Boots Herrera, director and chief curator of the Ateneo Art Gallery (AAG), has been looking into developing different approaches to virtual exhibitions for future programs.

She says, “In place of the Ateneo Art Award 2020, we are mounting an exhibition of works submitted for the AAG-Marciano Galang Acquisition Prize. This program will enable us to extend some financial assistance to artists within the limits of our budget. For now, the program is focused on or limited to works on paper and the general theme is  ‘Solidarity with the Filipino community during the COVID-19 crisis.’” 

Boots — who, in between AAG work, watches films centered on the lives of Modigliani, Schiele and Vermeer — does not see a change in her role as curator.

“We should continue to bring together artists and art accessible to the public —  physically and virtually, intellectually and emotionally. The conditions set by the pandemic just makes it more challenging. We need to explore new strategies to continue with our programs and at the same time respond to the needs of artists and our community, most especially in this time of crisis.  Given the limitations set, perhaps we should explore more collaborative programs among local museums.”

Is art still important in a pandemic-stricken world and why?

“As many cultural workers and curators have noted in social media in the past weeks, culture and the arts continue to have a relevant voice today and in post-COVID times. Although this may not immediately address physical health concerns, efforts of the art and culture community worldwide — online concerts, art workshops, film screenings, etc. — have shown how we need to address the needs of the soul and the spirit.

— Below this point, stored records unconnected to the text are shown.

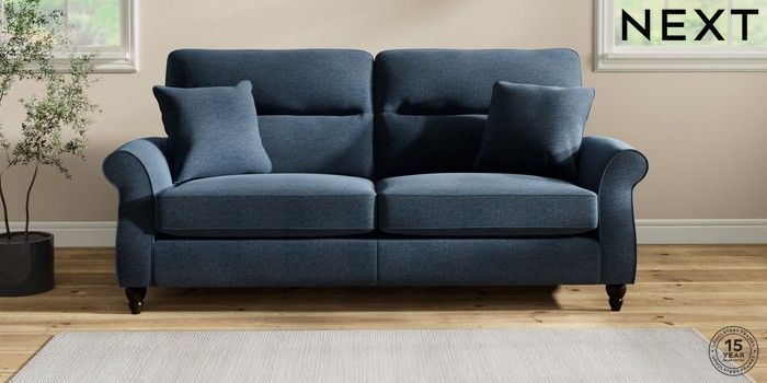 6.12.1 Buy Ashford Highback 3 Seater Sofa Ripple Chenille Dark Blue Low Turned - Dark from the Next UK online shop Click here to use our accessible website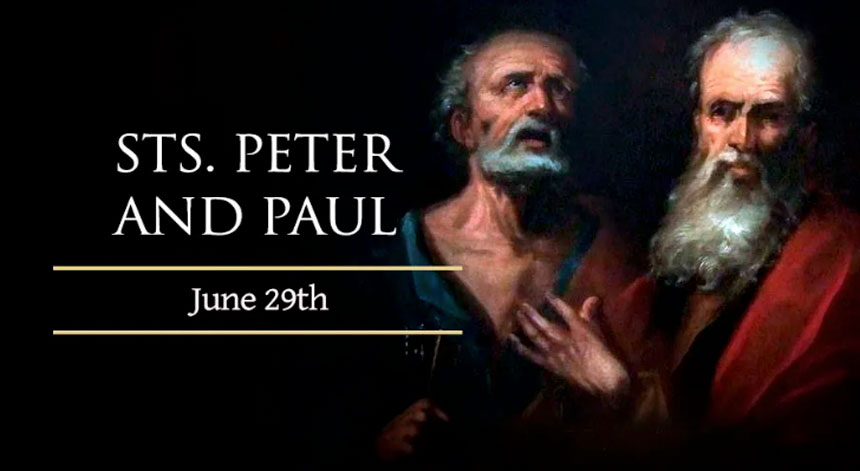 We venerate today, June 29th, two great Apostles, Peter and Paul. They are the solid rock on which the Church of God is built. Together, through preaching and martyrdom in Rome, they set the Holy See.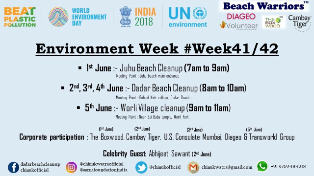 पर्यावरण दिनानिमित्त १ जून ते ५ जून असे ५ दिवस वेगवेगळ्या ठिकाणी स्वच्छता मोहीम राबवण्यात आली आहे. १ जूनला जुहू बीच, २ ते ४ जून दादर बीच आणि ५ जून वरळी व्हिलेज अशा ठिकाणी मोहीम राबवण्यात येणार आहे.२ जूनला दादर बीचवर होणाऱ्या मोहिमेत गायक अभिजीत सावंत सहभागी होणार आहे.

Moreover, great works of art have been created during critical times because they captured the spirit of the times. Contemporary artists will continue to do so.”

Lisa G. Nakpil

In recent weeks, Lisa Nakpil says she has been dusting off, cataloguing, and reading the art and history books that she has accumulated over these years. Some of them were acquired by Jaime Ponce de Leon and León Gallery from the eminent scholar Ramon N. Villegas.

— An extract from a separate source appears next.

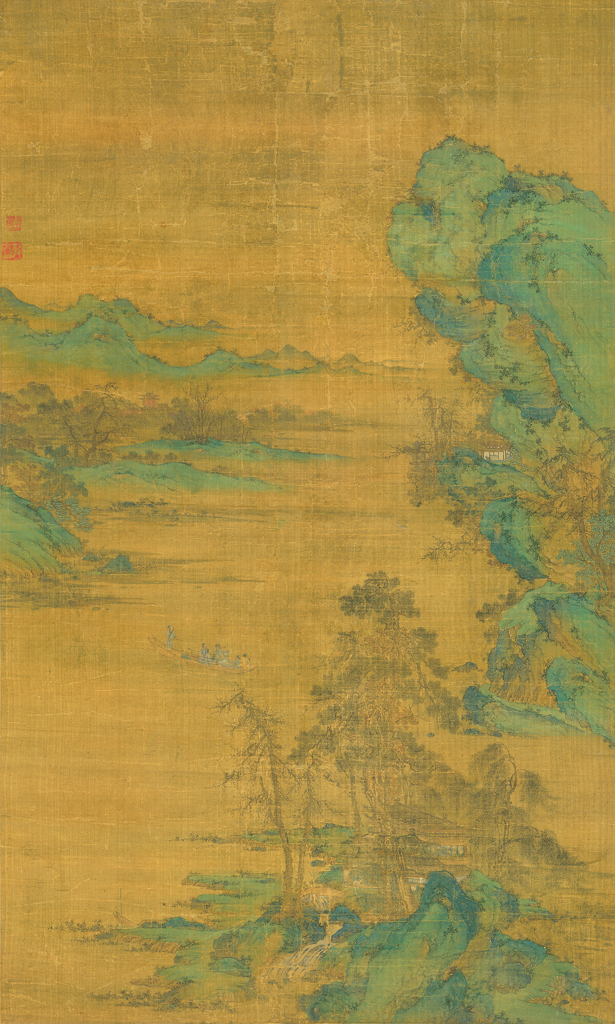 与古人一同踏上这场虚虚实实的山水之旅。明代王绂曾两次随明成祖巡狩北京,《王绂燕京八景图卷》卷各幅标题篆书,按顺序分别为:金台夕照、太液晴波、琼岛春云、玉泉垂虹、居庸叠翠、蓟门烟树、卢沟晓月、西山霁雪;图卷墨色淋漓、构图严谨,艺术水准很高,具有的鲜明写实特征,应是亲自到过八景实地,并摹写自然真景而成此卷,属具有实景元素的作品。被明成祖称赞为“谨厚淳朴,无矫伪”的明初宫廷画家郭纯,擅用“大小李”之法作金碧山水,直宗北宋宏伟风格。《郭纯赤壁泛舟图轴》绘一扁舟泛于江上,舟上有6人,似描绘东坡游赤壁之故事;画中连绵山峦间楼阁掩映,一江两岸式的辽远构图尽显清旷之意。“展览的两个部分可以理解为一个是眼见的山水,一个是心中的山水。一个实景,一个虚景。这个虚景有可能是作者根据一首诗或者心里的景去画的。”罗翔说。

Life has to go on for the indefatigable curator, writer and art historian.

“Last March, the National Quincentennial Commission approached León Gallery to put together an exhibit on the Pre-Magellan Filipino, telling the story of his sophistication and the richness of his culture. There’s plenty of time to work on it to open in early 2021.” And she is already mulling over the choices of artists for this particular show: Juan Luna, Botong Francisco and Fernando Amorsolo.

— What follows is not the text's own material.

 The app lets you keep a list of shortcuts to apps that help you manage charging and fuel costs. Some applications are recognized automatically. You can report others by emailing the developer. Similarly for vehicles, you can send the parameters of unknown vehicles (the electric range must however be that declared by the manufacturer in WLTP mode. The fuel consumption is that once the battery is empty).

“Mainly because they have works on the subject. We (might also feature) the great mapmakers such as Murillo Velarde and Signor Giovanni Ramusio, the man who put ‘Filipinas,’ for the first time literally on a map.”

Lisa says there is an upside in virtual exhibitions. “I understand that León Gallery is working on a curvaceous avatar of me. At last I can look like how I’ve always wanted (laughs).”

Is art still important in a pandemic-stricken world? 

She concludes, “Art (and history for that matter) is a snapshot of the times, a time capsule; not just of one’s personal trajectory but also of the world around us. The pandemic just made all of us heroes and the story of our survival will be writ large in all the arts.”